Figure 68: Mean (± SE) recruitment of trees (<10 cm DBH) under the parent crown for three autochorous tree species (i.e. that disperse their seed without an external vector) and 19 tree species dispersed by the bonobo Pan paniscus (i.e. zoochorous) at LuiKotale; the dotted line is the threshold for self-replacement of the parent (a modified version of Figure 2 in Beaune (2015); plotted with Veusz).
Purpose The mean number of young trees recruited under the parent crown is below the threshold for self-replacement for 18 of the 19 zoochorous tree species whose seeds are dispersed by the bonobo, whereas the mean number of of young trees recruited for three autochorous (i.e. dispersed by the plant’s own means) tree species is above the threshold.
The graphic produced by Veusz has one minor style issue that we would like to correct—the legend text and labels are too far apart—but the option to resolve this is not available in Veusz. It is, however, only a few minutes work to edit an SVG version of the figure using Inkscape (Figure 69).
Figure 69: Edited version of Figure 68, with an aesthetically more pleasing legend.

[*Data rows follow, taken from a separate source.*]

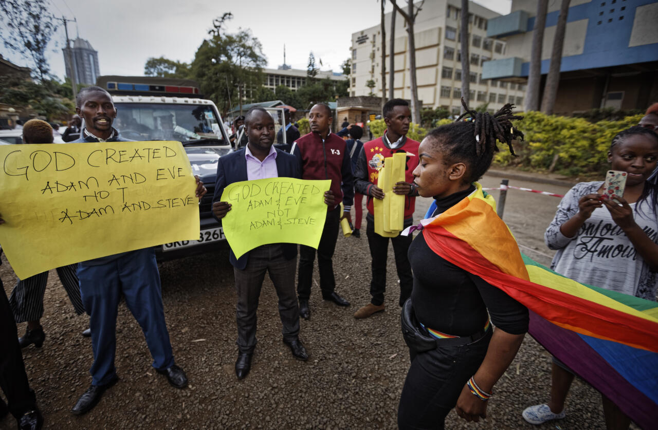 Homokonflikt Keenias: mehe plakat ütleb, et Jumal lõi Aadama ja Eeva, mitte Aadama ja Steve. Liberaalne Lääs ekspordib oma luulusid ka Kolmandasse maailma.
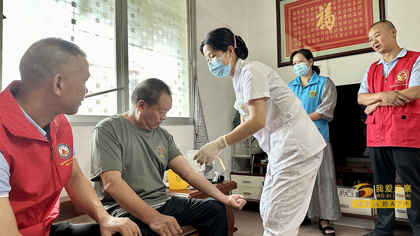针对行动不便的退役军人,工作人员还提供上门亲诊服务,为他们进行血压测量、抽血等各项检查服务,叮嘱其按时吃药,定期复诊,并为他们送上端午节日祝福。
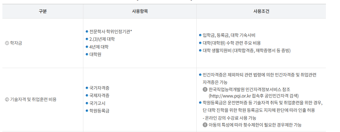 - 학업 비용: 대학 등록금, 학원비 등

The figure is interpretable in greyscale (Fig. 68) without requiring modification, and the following additional points are of note:
The figure is designed at a width of 110 mm, for 2/3 page width in the chosen journal.
The same font size used for all lettering except for species names, which require a smaller font because of space constraints.
Abbreviations of species names are set at 45º to aid readability.
Use of colour and position identifies the two groups of trees.
Horizontal grid lines have not been used, so as not to distract from the horizontal line at 1.
Figure 70: Greyscale vesion of Figure 69.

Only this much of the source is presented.